__INPUT RECORDS__.
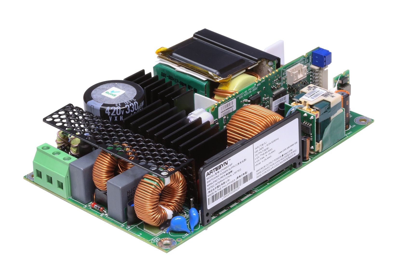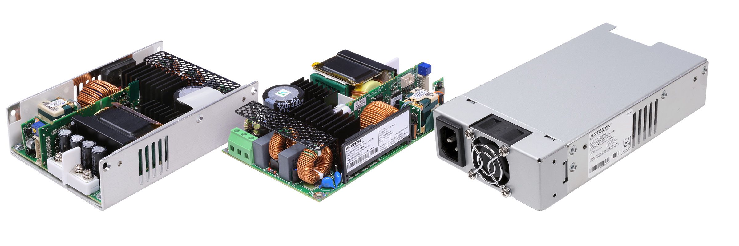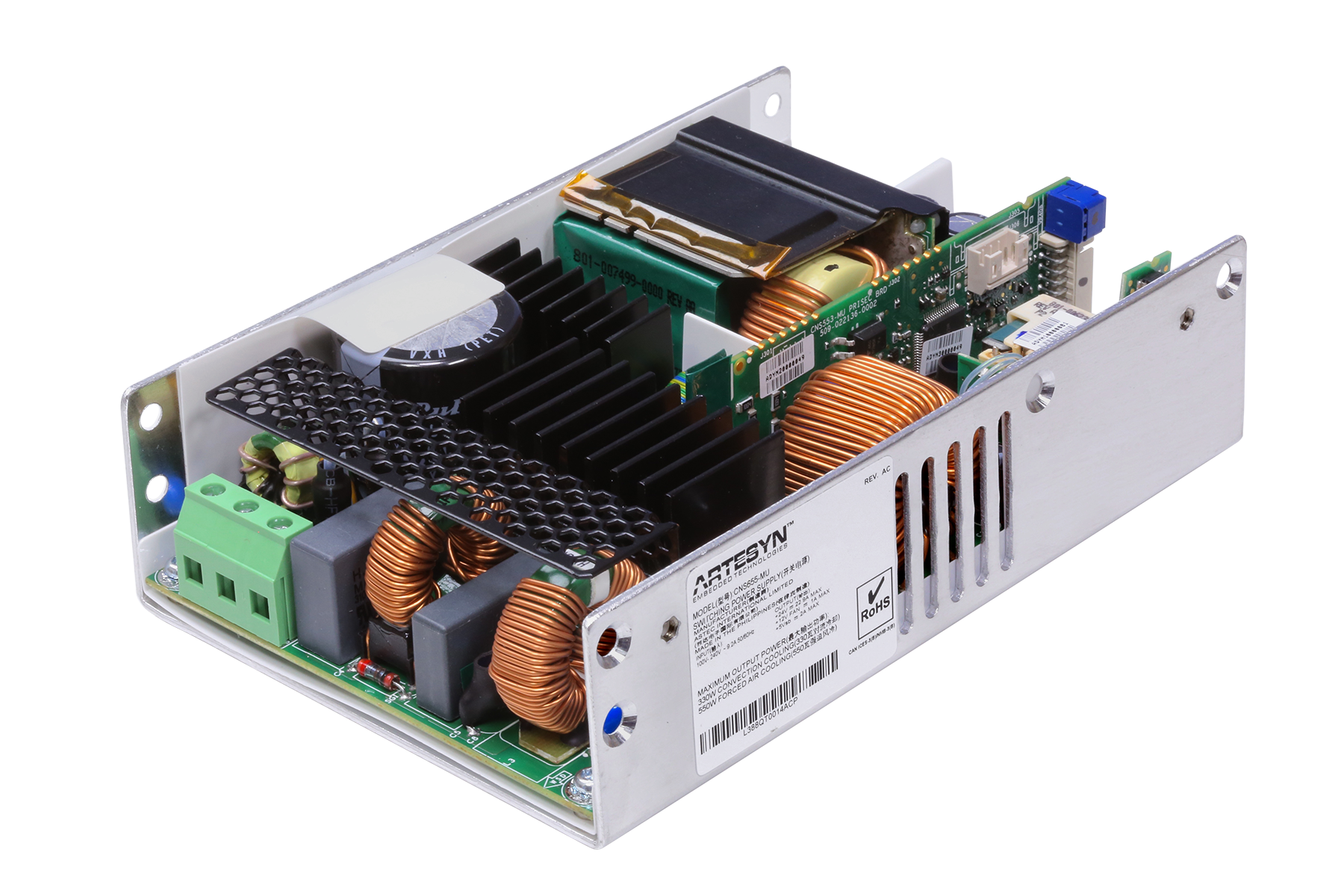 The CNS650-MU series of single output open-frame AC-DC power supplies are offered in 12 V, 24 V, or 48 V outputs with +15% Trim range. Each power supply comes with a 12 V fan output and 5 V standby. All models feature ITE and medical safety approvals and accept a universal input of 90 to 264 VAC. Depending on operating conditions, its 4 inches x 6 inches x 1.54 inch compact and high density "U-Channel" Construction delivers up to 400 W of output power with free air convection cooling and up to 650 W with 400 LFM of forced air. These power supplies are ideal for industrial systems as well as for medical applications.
--
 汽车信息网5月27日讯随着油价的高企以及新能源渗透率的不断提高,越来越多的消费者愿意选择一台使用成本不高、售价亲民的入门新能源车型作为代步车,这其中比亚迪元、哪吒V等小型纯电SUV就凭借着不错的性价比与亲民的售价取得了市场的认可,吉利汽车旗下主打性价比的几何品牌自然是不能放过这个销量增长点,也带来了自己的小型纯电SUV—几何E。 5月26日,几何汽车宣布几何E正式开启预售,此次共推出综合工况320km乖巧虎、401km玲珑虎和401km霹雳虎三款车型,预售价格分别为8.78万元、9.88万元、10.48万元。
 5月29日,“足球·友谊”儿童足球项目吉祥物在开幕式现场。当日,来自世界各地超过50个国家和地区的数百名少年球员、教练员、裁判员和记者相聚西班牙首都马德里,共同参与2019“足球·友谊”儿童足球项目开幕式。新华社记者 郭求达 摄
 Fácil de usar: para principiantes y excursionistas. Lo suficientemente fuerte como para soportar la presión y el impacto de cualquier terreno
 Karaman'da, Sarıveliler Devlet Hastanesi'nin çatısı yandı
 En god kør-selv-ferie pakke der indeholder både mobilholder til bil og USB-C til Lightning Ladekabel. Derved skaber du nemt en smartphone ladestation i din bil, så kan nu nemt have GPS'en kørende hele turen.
...
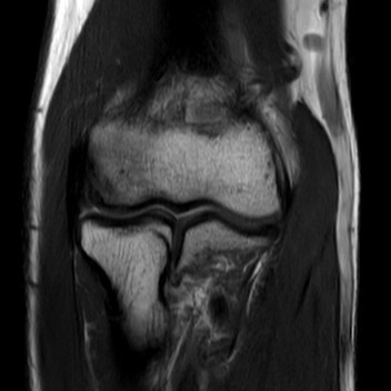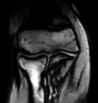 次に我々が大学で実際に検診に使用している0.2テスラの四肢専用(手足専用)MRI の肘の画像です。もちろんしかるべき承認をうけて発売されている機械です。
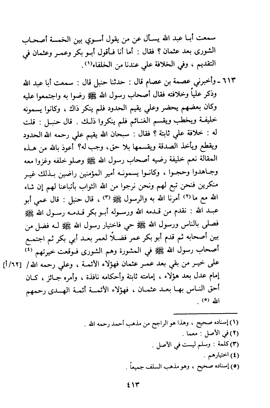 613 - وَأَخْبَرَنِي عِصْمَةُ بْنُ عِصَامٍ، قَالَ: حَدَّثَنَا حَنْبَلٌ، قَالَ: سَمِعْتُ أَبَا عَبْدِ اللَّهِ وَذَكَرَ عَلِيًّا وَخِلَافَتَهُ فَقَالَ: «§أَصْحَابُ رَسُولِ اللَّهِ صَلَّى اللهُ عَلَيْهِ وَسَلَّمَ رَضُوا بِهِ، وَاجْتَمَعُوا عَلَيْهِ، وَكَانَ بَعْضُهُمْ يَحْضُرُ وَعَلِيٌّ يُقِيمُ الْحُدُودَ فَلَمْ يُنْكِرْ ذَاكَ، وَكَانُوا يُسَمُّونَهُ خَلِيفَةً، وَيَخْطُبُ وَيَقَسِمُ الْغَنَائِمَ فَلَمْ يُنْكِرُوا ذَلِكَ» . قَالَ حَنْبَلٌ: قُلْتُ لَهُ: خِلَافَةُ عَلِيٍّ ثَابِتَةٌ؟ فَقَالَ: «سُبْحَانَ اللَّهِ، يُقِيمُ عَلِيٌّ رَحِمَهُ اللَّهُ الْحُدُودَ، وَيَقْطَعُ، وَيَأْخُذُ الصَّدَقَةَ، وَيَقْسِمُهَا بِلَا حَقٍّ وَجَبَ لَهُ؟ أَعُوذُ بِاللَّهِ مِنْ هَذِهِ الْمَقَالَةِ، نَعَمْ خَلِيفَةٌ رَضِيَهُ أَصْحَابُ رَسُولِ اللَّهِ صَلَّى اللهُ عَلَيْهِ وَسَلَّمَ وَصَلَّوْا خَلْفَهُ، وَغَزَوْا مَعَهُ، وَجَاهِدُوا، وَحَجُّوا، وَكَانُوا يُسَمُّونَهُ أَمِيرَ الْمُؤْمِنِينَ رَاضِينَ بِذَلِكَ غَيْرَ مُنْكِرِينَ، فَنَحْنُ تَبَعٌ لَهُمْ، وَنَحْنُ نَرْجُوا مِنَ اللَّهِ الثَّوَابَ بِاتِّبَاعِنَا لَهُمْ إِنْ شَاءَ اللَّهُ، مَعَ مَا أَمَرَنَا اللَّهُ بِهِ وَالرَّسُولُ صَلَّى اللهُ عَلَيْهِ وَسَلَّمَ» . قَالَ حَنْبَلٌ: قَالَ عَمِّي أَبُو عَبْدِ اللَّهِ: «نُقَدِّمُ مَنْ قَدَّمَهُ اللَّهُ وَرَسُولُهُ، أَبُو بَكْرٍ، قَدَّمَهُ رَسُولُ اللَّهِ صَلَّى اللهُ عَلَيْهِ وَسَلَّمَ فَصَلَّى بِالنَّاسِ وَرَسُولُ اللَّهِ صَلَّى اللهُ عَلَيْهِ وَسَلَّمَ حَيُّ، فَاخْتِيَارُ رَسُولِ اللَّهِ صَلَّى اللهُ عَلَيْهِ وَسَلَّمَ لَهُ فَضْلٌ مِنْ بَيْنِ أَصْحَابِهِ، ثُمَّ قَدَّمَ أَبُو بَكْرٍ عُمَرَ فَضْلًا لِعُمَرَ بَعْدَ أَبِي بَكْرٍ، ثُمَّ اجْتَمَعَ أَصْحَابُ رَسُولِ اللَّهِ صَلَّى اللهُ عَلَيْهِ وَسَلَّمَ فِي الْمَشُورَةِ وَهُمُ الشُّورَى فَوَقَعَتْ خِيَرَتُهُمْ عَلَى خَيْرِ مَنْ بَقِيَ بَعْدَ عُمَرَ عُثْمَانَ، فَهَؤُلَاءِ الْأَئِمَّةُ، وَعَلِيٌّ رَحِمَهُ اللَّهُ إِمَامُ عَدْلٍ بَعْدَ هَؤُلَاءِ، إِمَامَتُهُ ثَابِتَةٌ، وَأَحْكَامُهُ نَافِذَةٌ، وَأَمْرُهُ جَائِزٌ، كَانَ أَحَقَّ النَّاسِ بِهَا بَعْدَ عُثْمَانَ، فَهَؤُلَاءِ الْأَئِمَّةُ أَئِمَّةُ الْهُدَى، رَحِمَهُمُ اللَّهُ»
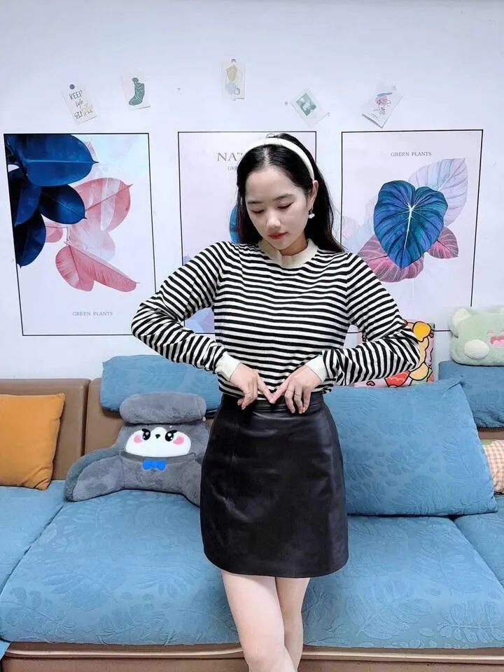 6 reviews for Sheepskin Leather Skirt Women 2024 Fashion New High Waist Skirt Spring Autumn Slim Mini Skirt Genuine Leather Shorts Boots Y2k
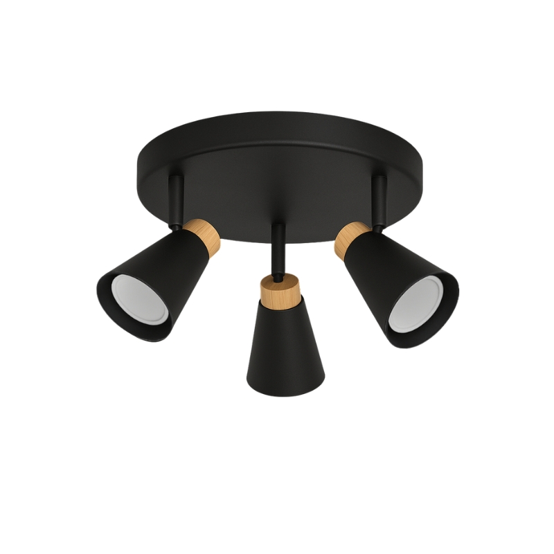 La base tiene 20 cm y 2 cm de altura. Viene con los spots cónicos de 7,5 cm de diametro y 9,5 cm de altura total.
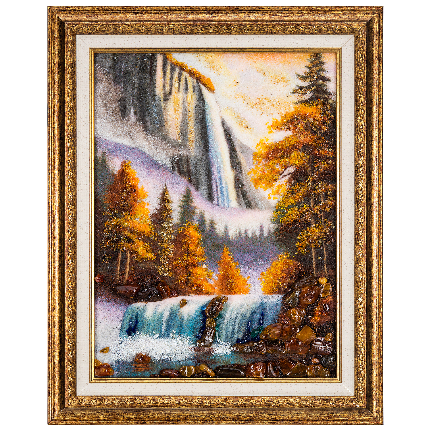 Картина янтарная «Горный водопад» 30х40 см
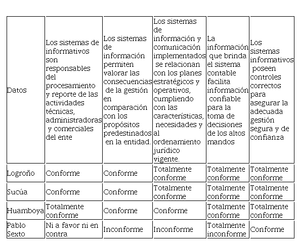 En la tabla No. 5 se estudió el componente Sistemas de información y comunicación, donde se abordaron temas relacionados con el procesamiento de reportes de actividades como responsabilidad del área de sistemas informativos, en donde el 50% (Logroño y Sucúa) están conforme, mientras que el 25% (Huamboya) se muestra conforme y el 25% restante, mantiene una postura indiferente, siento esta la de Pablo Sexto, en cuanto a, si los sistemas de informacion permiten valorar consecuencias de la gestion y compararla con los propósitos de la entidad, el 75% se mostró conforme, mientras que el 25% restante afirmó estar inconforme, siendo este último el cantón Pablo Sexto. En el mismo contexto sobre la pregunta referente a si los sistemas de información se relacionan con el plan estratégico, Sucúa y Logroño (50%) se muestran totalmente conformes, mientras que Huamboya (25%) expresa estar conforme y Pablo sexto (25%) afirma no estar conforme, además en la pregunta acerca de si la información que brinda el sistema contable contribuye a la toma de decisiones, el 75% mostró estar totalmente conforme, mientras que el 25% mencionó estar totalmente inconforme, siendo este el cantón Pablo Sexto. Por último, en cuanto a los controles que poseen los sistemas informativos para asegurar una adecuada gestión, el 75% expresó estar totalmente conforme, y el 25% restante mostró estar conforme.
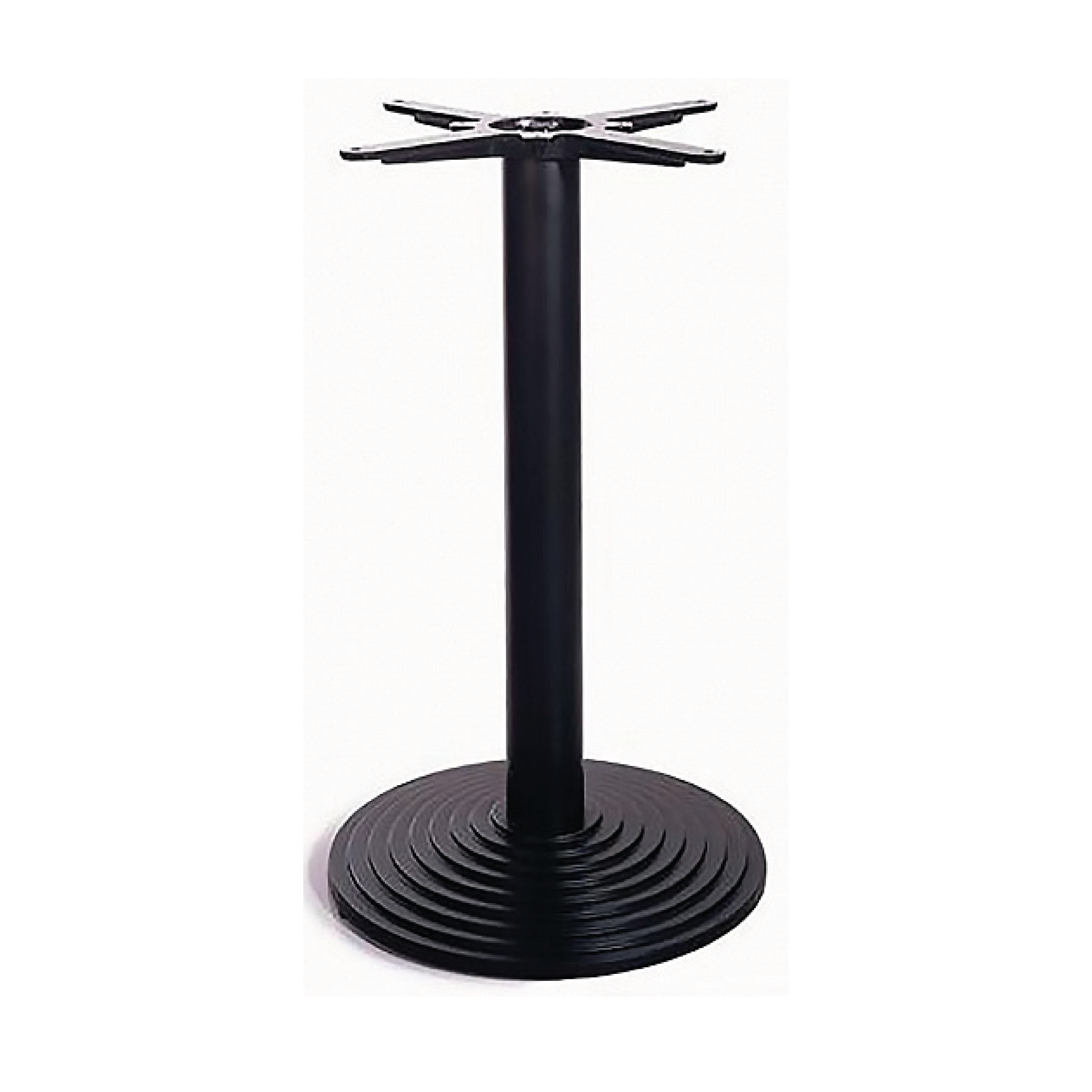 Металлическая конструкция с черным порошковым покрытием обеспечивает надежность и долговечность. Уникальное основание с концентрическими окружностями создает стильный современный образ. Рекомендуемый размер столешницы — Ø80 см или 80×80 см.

__REQUIRED ACTION__.
Take the lines above from the one containing "Fácil de usar: para" down to the one containing "Karaman'da, Sarıveliler Devlet", and transcribe them exactly, both ends included.

__SOLUTION TO THE PROBLEM__.
 Fácil de usar: para principiantes y excursionistas. Lo suficientemente fuerte como para soportar la presión y el impacto de cualquier terreno
 Karaman'da, Sarıveliler Devlet Hastanesi'nin çatısı yandı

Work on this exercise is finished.